Given the right combination of water, oxygen, temperature and motion, the Archaea in Clean Water Solutions’ products will go wild on hydrocarbons in your bilge. At the end of the digestion process, the “waste” produced by Archaea is fatty acids. According to Clean Water Solutions, these nonhazardous lipids can be safely disposed of — you could even feed them to your fish.

Clean Water Solutions uses a mixture of 100 different strains of Archaea in its products. Mixed in with a clay-based carrier, the Archaea lie dormant until conditions are right, then they multiply every 20 minutes and live for 90 days. According to Susan Homer, CEO of Clean Water Solutions, these microorganisms are not the result of tinkering in the lab. “They are not genetically modified,” Homer said. “They are naturally occurring strains found throughout the world.”

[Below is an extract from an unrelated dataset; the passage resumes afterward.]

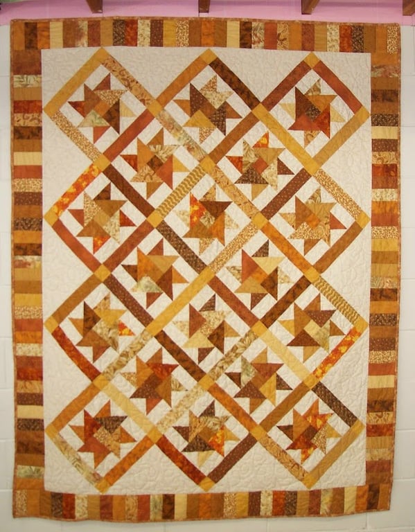 A beautifully crafted quilt featuring a star pattern in warm tones of brown, orange, and cream hangs on a wall in a cozy sewing store.

Clean Water Solutions offers their Archaea in a variety of packages. For boat owners looking to clean up a messy bilge, the most likely product appears to be their Oil Eradicator series. These combine the Archaea microbes with a sponge-like foam carrier. The unit floats in your bilge for months, consuming oil. At the end of the summer, you can throw the foam unit into the trash with no worries about oil contamination. These Oil Eradicators come in a variety of sizes based on boat length. Clean Water has another product called MicroTabs. These are small packages of a clay/Archaea mixture that can be dropped into a sewage-holding tank. The Archaea consume the nasty items in the holding tanks, especially odorous items like ammonia that make holding tanks so unpleasant.

Another company that uses microorganisms to clean up oily bilge water is British-based Bio-Sok in Hampshire. Bio-Sok operates a bit differently than the Clean Water Solutions products, however. The primary ingredient in Bio-Sok is a petroleum remediation product (PRP), a type of modified beeswax that floats and holds oil and hydrocarbons within its wax matrix. Microorganisms are attracted to the PRP and then break down the hydrocarbons. After roughly 30 days, the microorganisms attracted to the Bio-Sok PRP will have run their course and the Bio-Sok unit can be safely disposed.

These and other products cleverly make use of microorganisms to fight the natural propensity of oil to find its way into the bilge.